The biochemical mechanisms that control protein degradation by ubiquitination and delivery to proteosomes have previously attracted Nobel awards to Hershko and Ciechanover [218]; new methods have been developed to degrade selected cellular proteins for experimental and possible therapeutic purposes [219]. Finally, we stress the importance of endocytosis in lipid metabolism, recognized by Nobel awards to Brown and Goldstein, and the recycling of iron and other essential nutrients [220,221].

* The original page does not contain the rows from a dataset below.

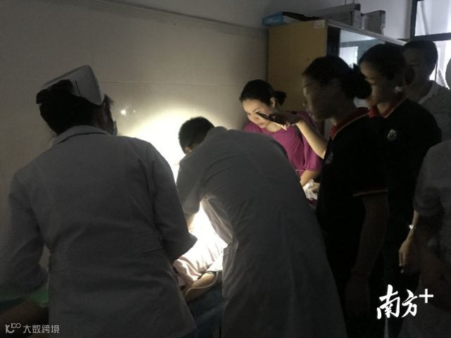 医护人员只能围成一圈,一边帮忙打着手机照明,一边紧急处理着患者伤口。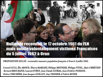 La République française reconnaît le massacre de la population française du 5 juillet 1962 à Oran. |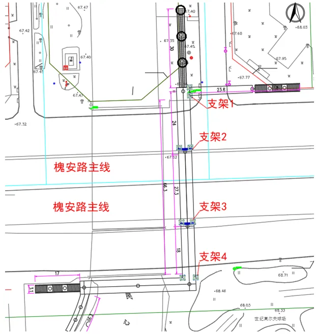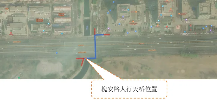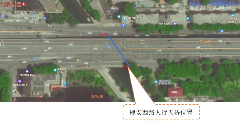 槐安西路过街天桥:主桥全长约 68.5m,主桥净宽 3m,为两跨连续钢箱梁桥,主梁高 1.3m,横跨槐安西路。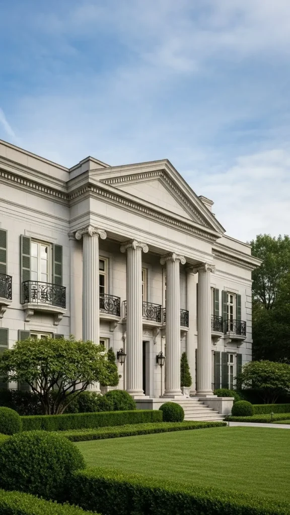 Greek Revival architecture sought to bring the dignity of ancient temples to the domestic sphere. It is dominated by massive white columns and a strong triangular pediment over the porch.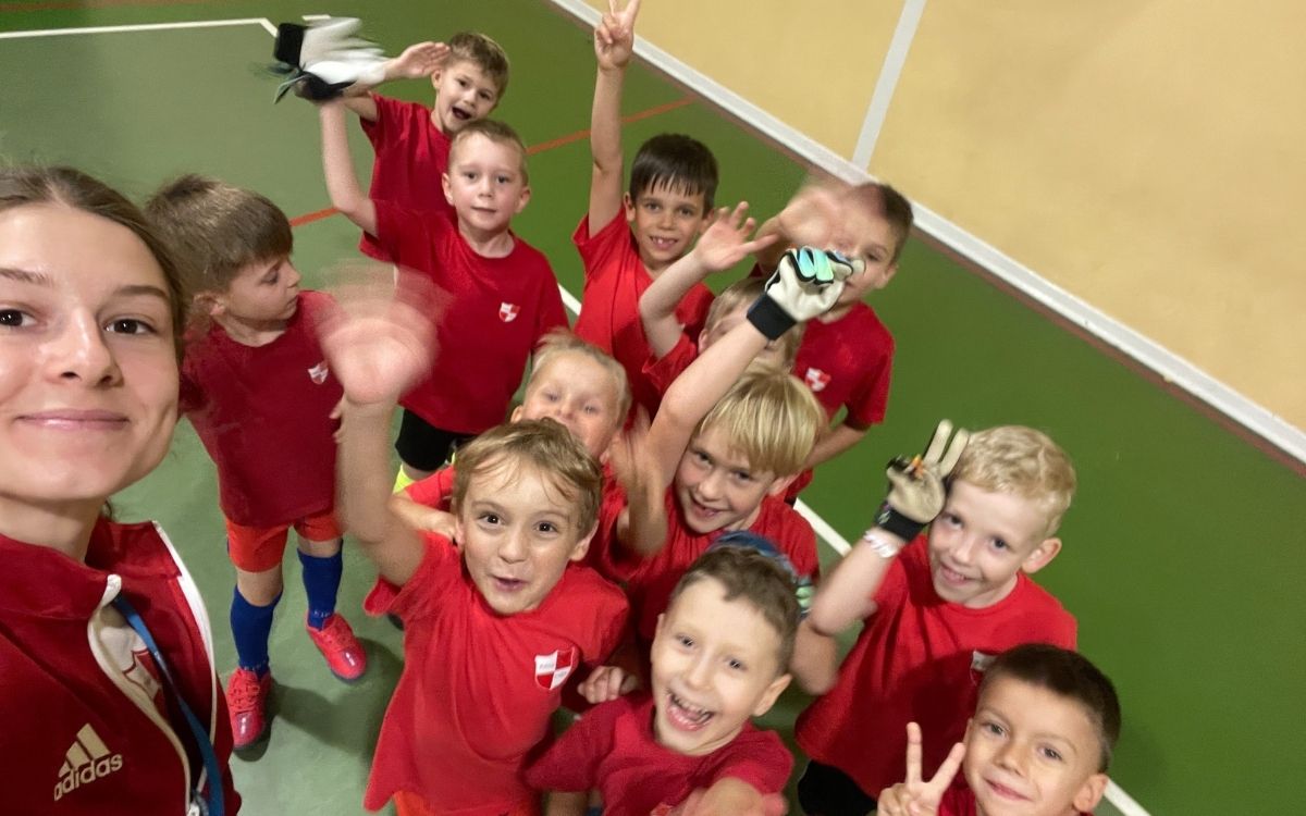 Nie zabrakło też równowagi – w zabawie „most” dzieci ćwiczyły spokój, precyzję i kontrolę nad ciałem. A na koniec – nasze tradycyjne „bombardowanie”! To ulubiona część zajęć, bo daje radość, emocje i mnóstwo śmiechu. Starsi chłopcy zakończyli trening krótkimi meczami.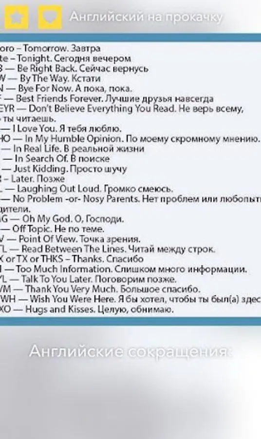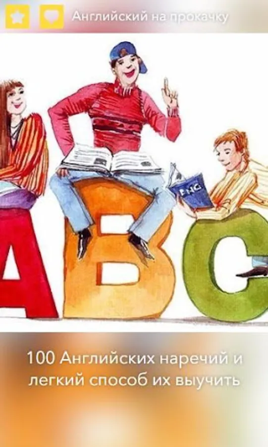 Pump up your knowledge of English. Learn grammar, expand your vocabulary, and learn to understand by ear. Develop all skills. Pursuing at least 20 minutes a day you will already see the results!
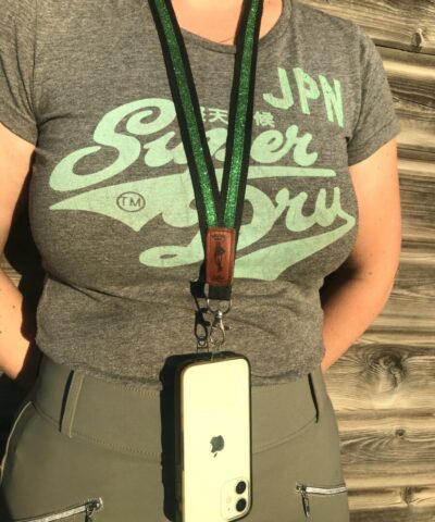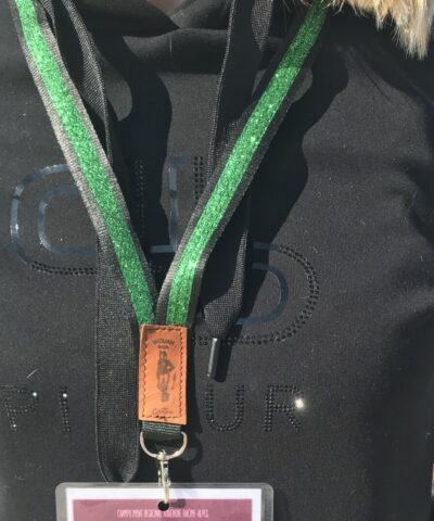 Dragonne- tour de cou noir à paillettes vertes pour clé, badge, téléphone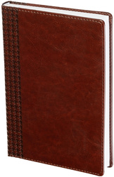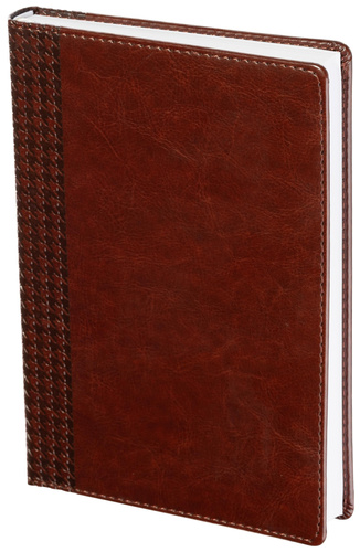 Ежедневник недатированный InFolio Lozanna — искусственная кожа А5 160 листов коричневый. Ежедневник размером 140×200 мм выполнен с твёрдой однотонной коричневой обложкой из гладкой глянцевой искусственной кожи с поролоновым наполнителем. Обложка украшена декоративным тиснением, имитирующим фактуру ткани по корешку, и прошита по периметру. Допускается нанесение тиснения блинтом, фольгой или УФ-печатью.<br><br>Внутренний блок состоит из 160 листов (320 страниц) белой офсетной бумаги с 100% белизной и плотностью 90 г/кв.м. Листы с линейкой напечатаны в две краски. Углы прямые, предусмотрена одна широкая шёлковая закладка-ляссе. Перфорация уголков отсутствует.<br><br>Информационный блок включает личные данные, карту мира, российские праздники и памятные даты, аббревиатуры для переписки, разницу во времени между Москвой и городами России и мира, карту России, соответствие размеров, международные единицы мер, пищевую ценность продуктов, расход калорий при физических нагрузках, время распада алкоголя в крови, полезные интернет-ресурсы, планирование задач, дни рождения и важные даты.<br><br>Изготовлен в России, тип крепления — сшивка. Прострочка по периметру выполнена. Ежедневник подходит для персонализации.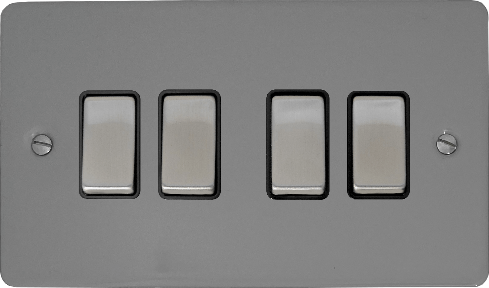Flat light grey Light Switch (4 Gang/Black insert/ Metal Switches) - G+H FLG304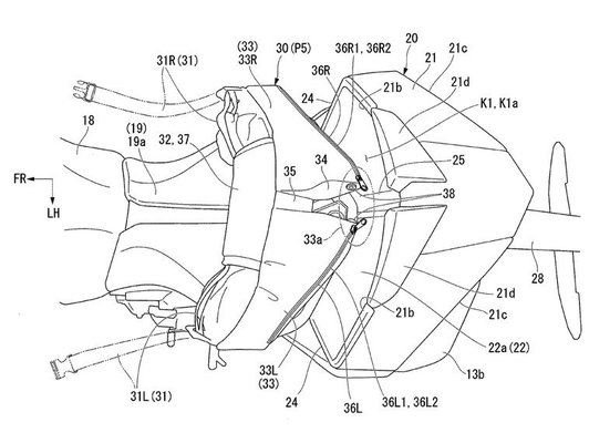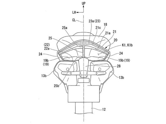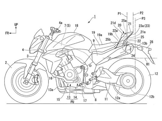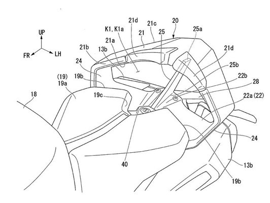 A japán szabadalmi hivatalnak beadott rajzokon tényleg egy hátsó spoiler látható, amelyet a farokidomra helyeztek el. A motorok fara egyébként sokat változott az elmúlt 30 évben, egyre rövdebbek lettek a sportmotorok faridomai - és míg egy életstílus-motornál divatot sejtenénk, a versenymotoroknál felmerül, hogy más megfontolások is vannak az evolúció mögött.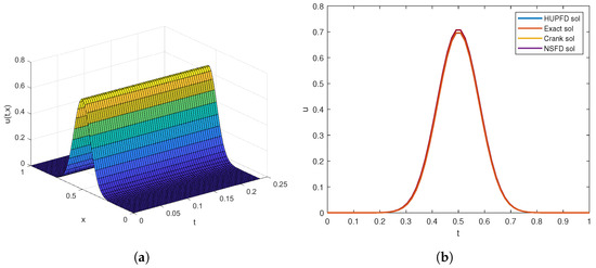 The infinity norms of the proposed HUPFD are compared with the UPFD and NSFD methods in solving the linear ADR equation, as shown in Table 6. The findings indicate that the HUPFD approach achieved slightly high accuracy (Figure 3 and Figure 4).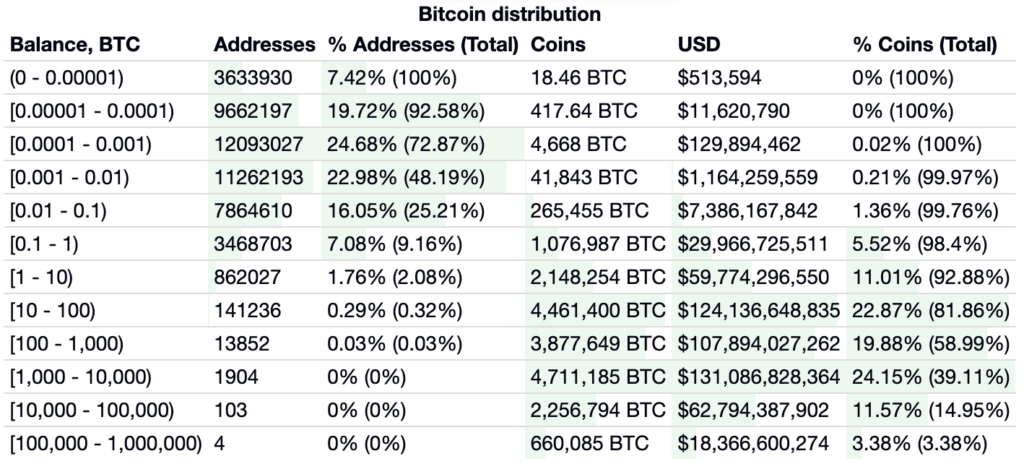Oftmals hört man ja, dass die Verteilung von Bitcoin gleich ungerecht sei wie das aktuelle FIAT-System, sprich der Großteil des Vermögens würde bei einigen wenigen liegen. Die Bitcoin-Timechain (besser bekannt als Blockchain 😉) ist in dieser Hinsicht ja erbarmungslos ehrlich, nachdem alle Balances öffentlich dokumentiert und nachvollziehbar sind. Eine dieser Grafiken ist die „Bitcoin Rich List“, welche mit heutigem Stand unten ersichtlich ist: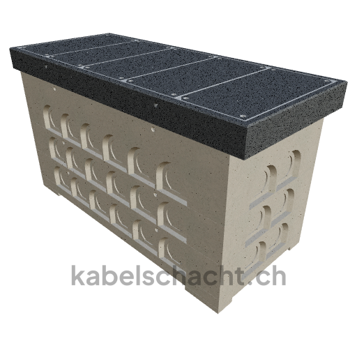 Gaine de câbles modulaire, dimensions intérieures 100 x 250 cm, profondeur 149 cm, couvercle TrapeX, largeur intérieure 102 cm et longueur intérieure 250 cm, classe de charge B125 avec 5 couvercles en acier chromé et 4 ouvertures de levage, y compris 4 traverses amovibles en acier chromé.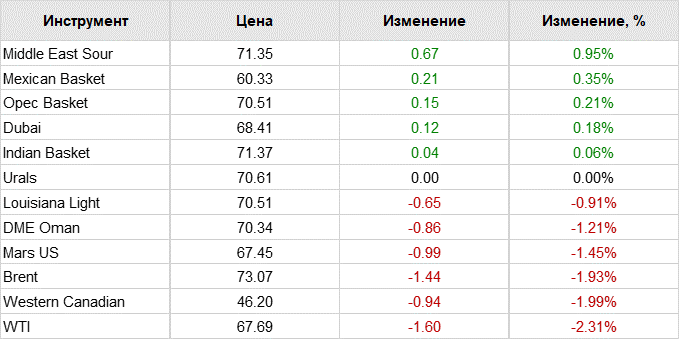 Нефть. Цены на сорта. Данные на 25.04.2018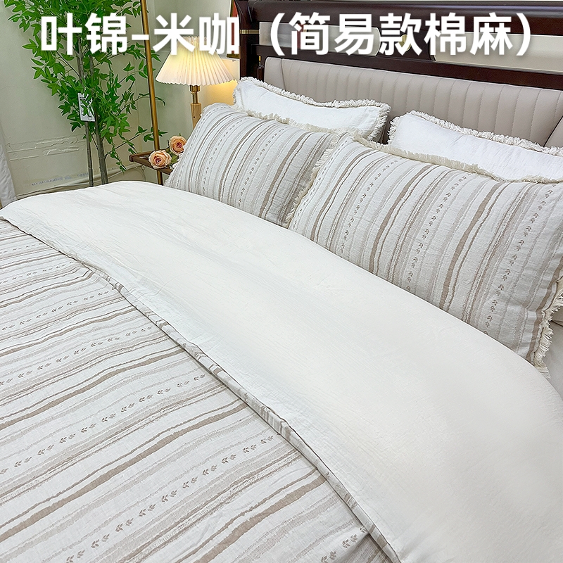商品名称:鲁爱家纺供货2025新款简易款棉麻四件套(纯跑量) 叶锦-米咖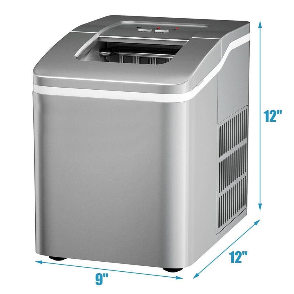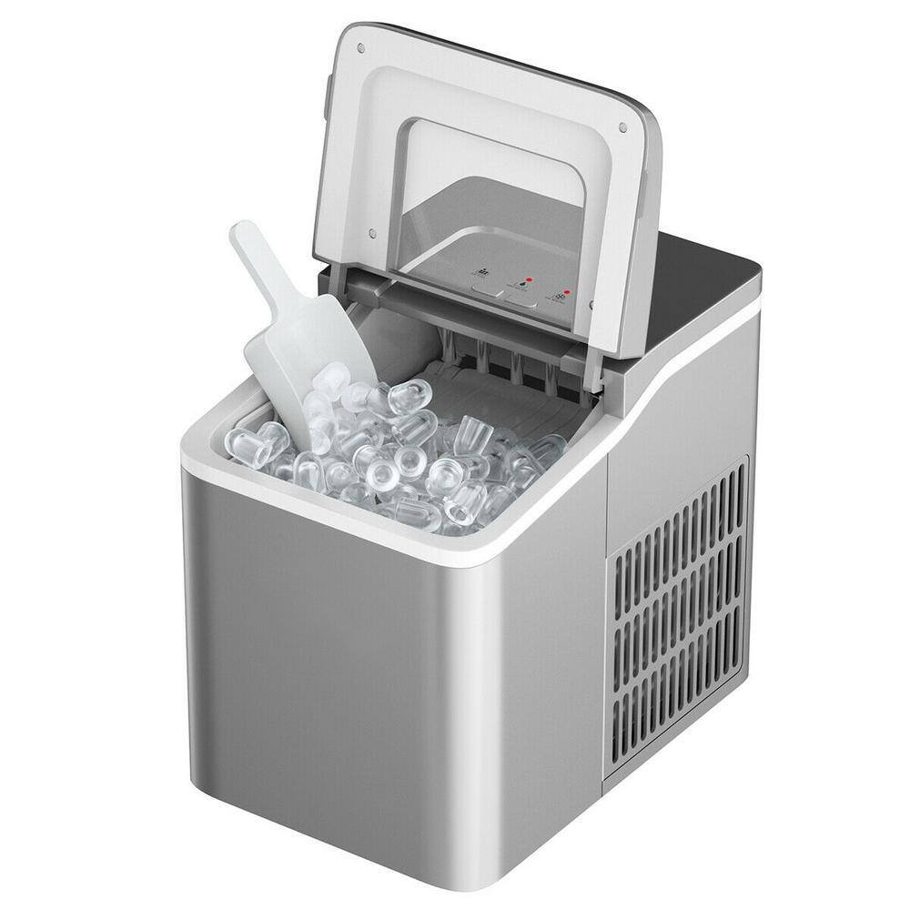 26 lb. Portable Ice Maker in Silver with Ice Scoop and Detachable Basket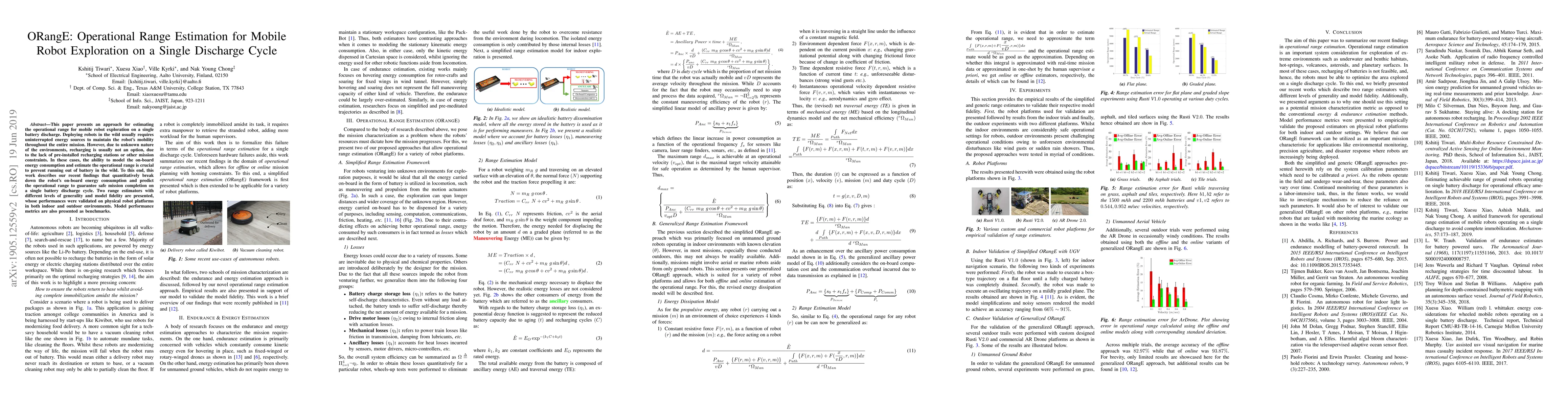This paper presents an approach for estimating the operational range for mobile robot exploration on a single battery discharge. Deploying robots in the wild usually requires uninterrupted energy sources to maintain the robot's mobility throughout the entire mission. However, for most endeavors into the unknown environments, recharging is usually not an option, due to the lack of pre-installed recharging stations or other mission constraints. In these cases, the ability to model the on-board energy consumption and estimate the operational range is crucial to prevent running out of battery in the wild. To this end, this work describes our recent findings that quantitatively break down the robot's on-board energy consumption and predict the operational range to guarantee safe mission completion on a single battery discharge cycle. Two range estimators with different levels of generality and model fidelity are presented, whose performances were validated on physical robot platforms in both indoor and outdoor environments. Model performance metrics are also presented as benchmarks.

4.2. Biosynthesis, Gene Expression, Metabolism, Cell Activation, and Secretion

After terminal differentiation, MPs shut down DNA synthesis, but continue to express a wide range of mRNAs and proteins becoming highly active secretory cells [222] as well as phagocytes. Upon activation by innate and immune stimuli, they adapt to local and systemic environments to perform various homeostatic, inflammatory, and immune trophic and effector functions (Figure 7).
Tissue resident cells are long-lived, whereas elicited cells turn over more rapidly and are primed to generate more pro-inflammatory and cytotoxic radicals after further stimulation. Their secretory products include lysozyme [226], a range of neutral proteinases [227] to activate plasma cascades of complement, coagulation, and kinin generation, as well as arachidonate metabolites, leukotrienes, prostaglandins, and their derivatives. In addition, they produce chemokines, pro- and anti-inflammatory cytokines, and growth factors for lymphohematopoietic and endothelial cells [228], as well as protease inhibitors such as TIMP, alpha1 anti trypsin, and alpha2 macroglobulin. Activated macrophages also secrete collagenase and elastase, modify the extracellular matrix [229], and regulate fibroblast growth and repair. Their energy requirements of ATP are met by glycolysis, through the Krebs cycle and/or oxidative phosphorylation through mitochondrial respiration. The pioneering metabolic studies by Nobel laureates Otto Warburg [230], Hans Krebs, and Fritz Lipmann [231] are currently undergoing a renaissance in immunology [232].
Macrophage phenotype signatures are associated with a spectrum of polarized functional states [224,233]. Markers of innate stimulation include the enhanced expression of MARCO and CD200 [234]. Classical activation by interferon gamma, a product of CD4 Th1 lymphocytes and NK cells, induces a respiratory burst after local triggering, for example phagocytosis, to generate reactive oxygen and nitrogen radicals by activation of NADPH dehydrogenase [235] and iNOS [236], respectively. The vital roles of oxygen and nitrogen in metabolism have also been recognized by recent Nobel prizes.
An alternative activation pathway of macrophages [177,224,237,238] associated with allergy and nematode infestation and Th2 immunity, is mediated by IL-4/13 cytokines, which upregulate selected MHCII molecules, produce arginase and Chitinase-like proteins, and promote repair and fibrosis. Other macrophage functional states are associated with anti-inflammatory stimuli (IL10, TGF beta, corticosteroid, and prostaglandin E2) or immunoregulatory immune complexes. Tumor-associated macrophages (TAM) promote malignancy and metastasis [239,240,241]; temporal and spatial analyses of RNA and protein expression reveal considerable heterogeneity in TAM subtypes, relevant to potential immunotherapy [242].
Several hundred rare genetic disorders which result in familial auto-inflammatory and auto-immune syndromes have been discovered [69]. IL-1 beta release and pyroptosis are associated with periodic fevers and a range of clinical manifestations and can be treated with IL-1 receptor antagonist [243]. The discovery of inflammasome activation by the late Jurgen Tschopp [244], and of intracellular Nod-like, RIG-like, and DNA-sensing pathways, has spawned enormous activity in this field [245,246]. Life-threatening hyperinflammatory syndromes are associated with CD4 lymphocyte reconstitution during antiretroviral treatment of HIV/AIDS and severe pulmonary infections like SARS-CoV-2 [247,248]. It is worth noting that the term “cytokine storm” is a misnomer, since it encompasses many macrophage secretory products. Dexamethasone and several other repurposed drugs used for COVID-19 therapy act primarily on dysregulated macrophages, and the type 1 interferon pathway has been implicated in the genetic predisposition to critical outcomes of SARS-CoV-2 infection [68,249,250]. The potential role of MP in Long COVID sequelae should also be considered [251].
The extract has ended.